Ainsi la démarche des atlas culturels des rivières bretonnes commencée avec l’atlas du Bélon (cf. portail internet) et qui va se poursuivre et s’élargir à d’autres rivières et la parution prochaine d’un numéro du magazine d’Eau et Rivières de Bretagne consacré à ce thème « Eau et culture ».

Alors, je voudrais revenir sur cet attachement fondamental à la rivière que l’on retrouve chez des poètes bretons.

Xavier Grall qui clôt par une dernière strophe baignée de douceur et de mélancolie le Premier Chant de sa « Genèse », vaste chant où roulent tous les grands fleuves du monde.

→ p 161 Les fleuves, début du poème et p 165 – Le Dniepr, le grand fleuve russe, puis il retourne à sa Bretagne Il y avait aussi la Vilaine […] 

Les vers d’Anjela Duval font écho, avec légèreté et subtilité, à ce pays d’eau dans Petites choses agréables où elle égrène et célèbre les bonheurs simples de l’existence.
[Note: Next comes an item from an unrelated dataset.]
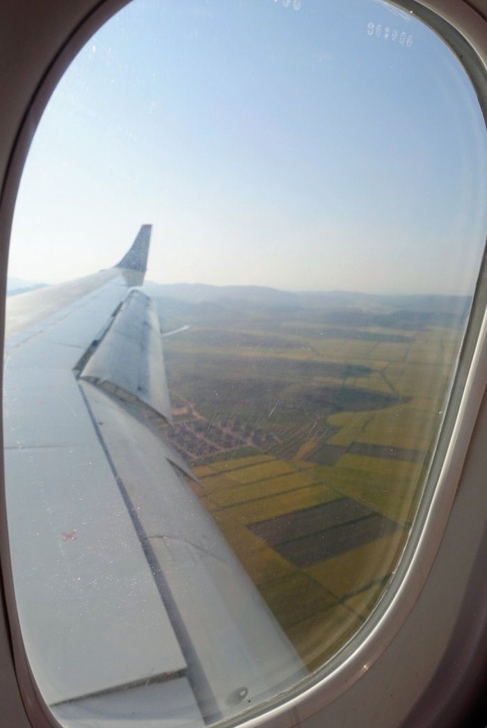 Flying over fields of rice and little villages, we soon landed in Pyongyang.

En voici deux, liés à l’eau… (hélas pas en breton, mais dans une traduction de Paol Keineg, tirés de Quatre poires, édité en 2005 par les éditions Coop Breizh).

– Le murmure d’un ruisseau invisible sous la ciguë.

– La grande roue d’un moulin qui moud l’eau en une écume aussi blanche que du froment.

Pour finir, Elisée Reclus et son « Histoire d’un Ruisseau »

Texte particulièrement riche, à la dimension écologique avant l’heure. Dans ce livre, initialement destiné à la jeunesse, publié en 1869, Elisée Reclus, grand géographe humaniste et anarchiste, mêle visée éducative, vulgarisation scientifique et réflexion morale et politique.

Dans le dernier chapitre intitulé « Le cycle des eaux », il mène un parallèle audacieux entre le cycle de l’eau, la vie humaine, la société et le devenir de l’humanité… chapitre qu’il faudrait lire en entier.

→ p 205 dernier paragraphe seulement « Chaque génération qui périt »

formulée en 1869, grande utopie, plus d’un siècle et demi après dont on ne s’est guère rapproché…

Bibliographie :

  • En remontant les ruisseaux, Jean Rodier, L’Escampette Éditions, 2010

  • La caresse de l’onde – Petites réflexions sur le voyage en canoë et la liberté de naviguer, Patrice de Ravel, Éditions Transboréal, collection « Petite philosophie du voyage », 2018

  • Rivières bretonnes, François Ménez, Éditions Calligrammes, 1990

  • « Aux jardins enchantés de Cornouaille » dans Promenades en Cornouaille, François Ménez, Éditions Calligrammes, 1985

  • « Genèse » dans Œuvre poétique, Xavier Grall, Éditions Rougerie, 2011

  • Quatre poires – Peder berenn, Anjela Duval, Coop Breizh, 2021

  • Histoire d’un ruisseau, Elisée Reclus, Actes Sud, 1995.